En verano se descansaba. Pero la muerte de Seti y la coronación de Ramsés trastornaron las costumbres. Con la conformidad de los jefes de la corporación de Deir el-Medineh y del maestro de obras de Karnak, que le había explicado su plan punto por punto, Moisés había organizado dos periodos de trabajo diarios, el primero desde el alba hasta media mañana, el segundo desde fines de la tarde hasta el crepúsculo. Cada uno disponía así de un tiempo de recuperación suficiente, tanto más cuanto que anchos paños de tela tendidos entre estacas mantenía la obra a la sombra.

En cuanto Moisés franqueó el puesto de guardia que daba acceso a la sala de columnas en construcción, el jefe de los picapedreros se adelantó hacia él.

—No es posible trabajar en estas condiciones.
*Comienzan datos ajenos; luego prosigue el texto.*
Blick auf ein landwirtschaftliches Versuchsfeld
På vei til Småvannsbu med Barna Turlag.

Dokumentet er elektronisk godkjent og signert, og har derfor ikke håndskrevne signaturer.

—El calor aún no es insoportable.

—Eso no nos asusta… Hablo del comportamiento del nuevo jefe del equipo de ladrilleros que construyen los andamios.

—¿Lo conozco?

—Se llama Sary, es el esposo de Dolente, la hermana del faraón. ¡Igual se cree que por eso puede hacer lo que le dé la gana!

—¿Qué le reprochas?

—Debido a que encuentra la tarea demasiado penosa, sólo convocará a su equipo cada dos días, pero lo privará de siesta y racionará el agua. ¿Piensa tratar a nuestros colegas como esclavos? ¡Estamos en Egipto, no en Grecia ni entre los hititas! Me declaro solidario con los ladrilleros.

—Tienes razón. ¿Dónde se encuentra Sary?

—Al fresco, bajo la tienda de los jefes de equipo.
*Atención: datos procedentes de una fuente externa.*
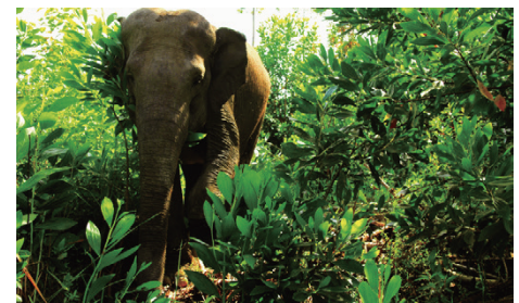
印尼廖內省Giam Siak Kecil區的大象為APP亞洲漿紙重點保育動物之一

位於蘇門答臘島占碑省的30 Hills地區（Bukit Tigapuluhe國家公園）。具體實施內容包括：加強動物通道走廊的保護以防止非法盜獵、保護Tebo Multi Agro特許林地中面臨威脅的大象群，及在WKS特許林地建立一動物走廊，以連接森林中重要的動物棲息區域，展開可行性評估。此外，APP亦發佈其它九大地表區域保護重點。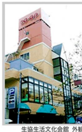
生協生活文化会館 外観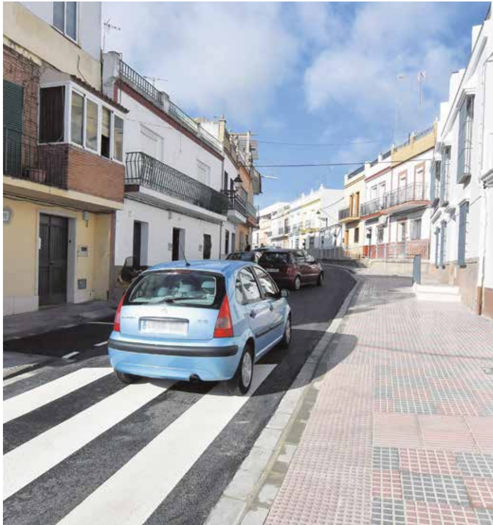
Reabierto al tráfico la calle Clara Campoamor, después de su renovación integral

También, se ha procedido al reasfaltado de la calzada con aglomerado asfáltico, se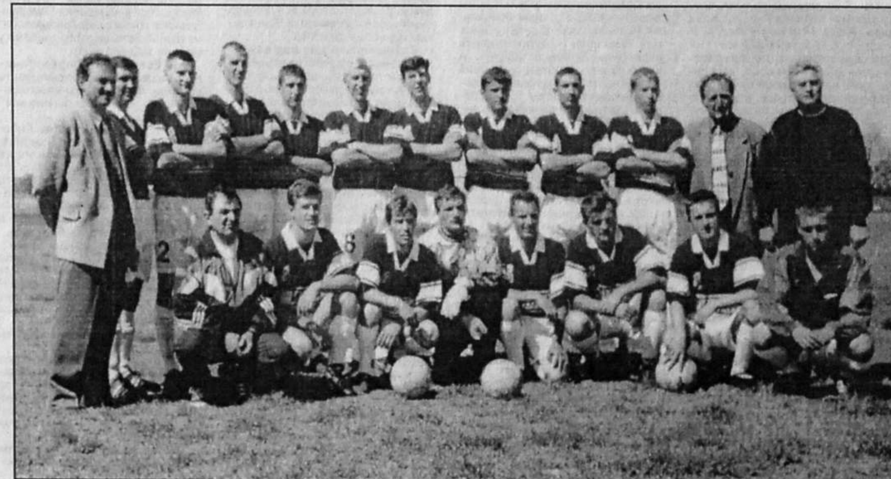
ФК «ИВАН» — народная команда Одессы

Sary había cambiado mucho. El jovial ayo de Ramsés se había convertido en un hombre casi delgado, con el rostro anguloso y gestos nerviosos. Daba vueltas sin cesar a un brazalete de cobre demasiado ancho que llevaba en la muñeca izquierda y frotaba a menudo, con un ungüento, su dolorido pie derecho, debido a la artritis que le deformaba el dedo gordo. De su antigua función, Sary sólo había conservado un elegante vestido de lino blanco, que señalaba su pertenencia a la casta de los escribas acomodados.

Tendido en unos cojines, Sary bebía cerveza fresca. Echó una mirada despreocupada sobre Moisés cuando éste entró en la tienda.
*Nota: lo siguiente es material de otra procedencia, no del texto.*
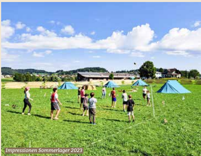
Impressionen Sommerlager 2023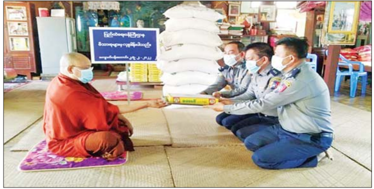
နေပြည်တော် ဖေဖော်ဝါရီ ၂၇ တပ်မတော်(ကြည်း၊ ရေ၊ လေ) အရာရှိ၊ စစ်သည်၊ အရာထမ်း၊ အမှုထမ်းများနှင့် စေတနာ ရှင်အလှူရှင်များက မြို့နယ်အသီးသီးရှိ ဘုန်းတော်ကြီးကျောင်းများ၊ သာသနာ့နယ်ဝင် သီလရှင်ကျောင်းများနှင့် ဘာသာရေးကျောင်းများသို့ ဆွမ်းဆန်တော်၊ ဆီ၊ ဆား၊ ပဲ အမယ် လေးမျိုးနှင့် လှူဖွယ်ပစ္စည်းများ လှူဒါန်းခြင်း၊ နေ့ဆွမ်းများဆက်ကပ်လှူဒါန်း ခြင်းနှင့် ကျန်းမာရေးစစ်ဆေးပေးခြင်းများကို ဆောင်ရွက်လျက်ရှိသည်။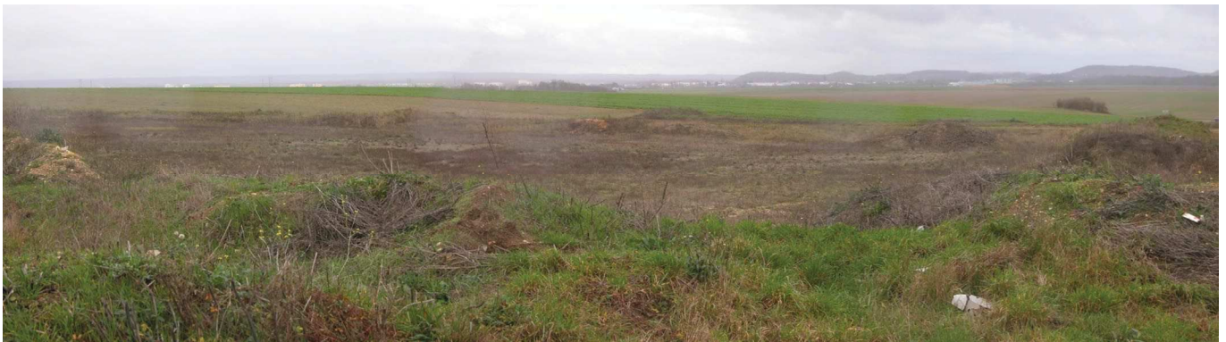
Suite du panoramique ci-dessus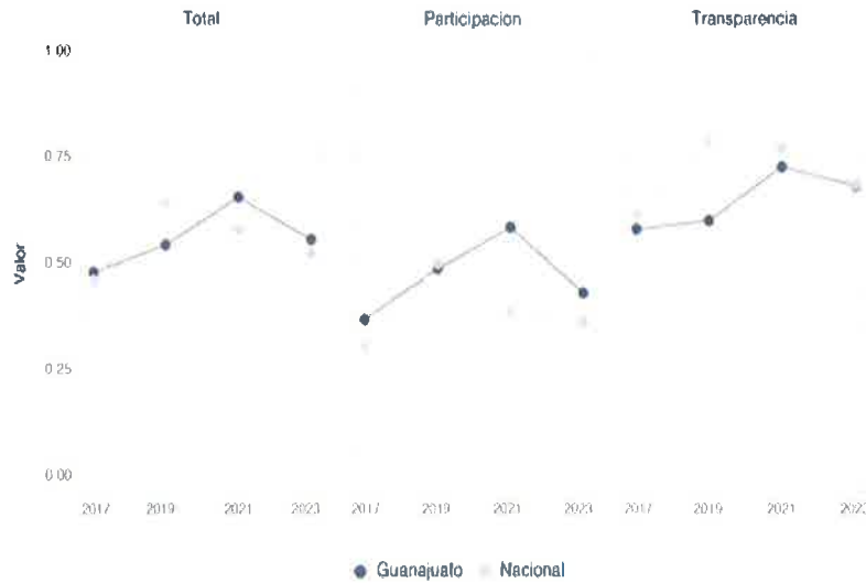
Figura 31. Evolución del Índice de Gobierno Abierto, 2017-2023.

Guanajuato continúa avanzando en materia de transparencia y combate a la corrupción, lo que le permite consolidarse como un referente a nivel nacional. En el Índice de Estado de Derecho del World Justice Project, la entidad se ubicó en la segunda posición nacional en el factor 'Ausencia de Corrupción', con un puntaje de 0.46 en 2023-2024 (World Justice Project, 2024). En cuanto a la gestión de recursos públicos, el alto grado de implementación del Presupuesto Basado en Resultados y del Sistema de Evaluación del Desempeño (PbR-SED) alcanzó el 98.5 % en 2023 y completó el 100 % en 2024, posicionando a Guanajuato en el primer lugar nacional, junto con Yucatán (Secretaría de Hacienda y Crédito Público, 2024). Estos avances refuerzan la transparencia, la eficiencia en el uso del presupuesto y la evaluación constante del desempeño gubernamental. Asimismo, el subíndice de transparencia estatal pasó de 0.58 en 2017 a 0.73 en 2021, lo que colocó a Guanajuato en la primera posición nacional en transparencia y en la quinta en calidad de la información pública, superando el promedio nacional (Secretaría de Hacienda y Crédito Público, 2024).»

—Hola, Sary; ¿me reconoces?

—No se olvida a Moisés, ¡el brillante condiscípulo de Ramsés! Tú también estás condenado a sudar en esta obra… El rey no da muchas ventajas a sus antiguos amigos.

—Mi condición me satisface.

—¡Podrías aspirar a más!

—¿Hay más hermoso sueño que participar en la edificación de un monumento como éste?

—¿Un sueño, este calor, este polvo, el sudor de los hombres, estas piedras enormes, esta labor desmesurada, el ruido de las herramientas, el contacto con peones y obreros iletrados? ¡Una pesadilla, querrás decir! Pierdes el tiempo, mi pobre Moisés.

—Se me ha confiado una misión e intento cumplirla.

—¡Hermosa y noble actitud! Cuando llegue el aburrimiento se modificará.

—¿A ti no te han confiado también una misión?

Un rictus deformó el rostro del ex ayo de Ramsés.

—Gobernar a unos ladrilleros… ¿Hay algo más entusiasmador?

—Son hombres pacientes y respetables, tanto como los escribas perezosos y demasiado alimentados.

—Extrañas palabras, Moisés; ¿te estás sublevando contra el orden social?

—Contra tu desprecio por los seres.

—¿Intentas sermonearme?

—He fijado unos horarios de trabajo para los ladrilleros y para todos los demás; conviene respetarlos.

—Yo hago mi propia elección.

—No corresponde con la mía; a ti te toca inclinarte, Sary.

—¡Me niego!

—Como quieras. Notificaré tu negativa al maestro de obras, quien alertará al visir y éste consultará con Ramsés.

—Amenazas…

—El procedimiento habitual en caso de insubordinación en una obra real.

—¡Te gusta humillarme!

—No tengo otra meta que participar en la construcción de este templo, que nadie debe dificultar.

—Te burlas de mí.

—Hoy, Sary, somos colegas: coordinar nuestros esfuerzos es la mejor solución.

—¡Ramsés te abandonará, igual que me ha rechazado a mí!

—Pide a tus ladrilleros que levanten el andamio, concédeles la siesta reglamentaria y no olvides procurarles toda el agua que deseen.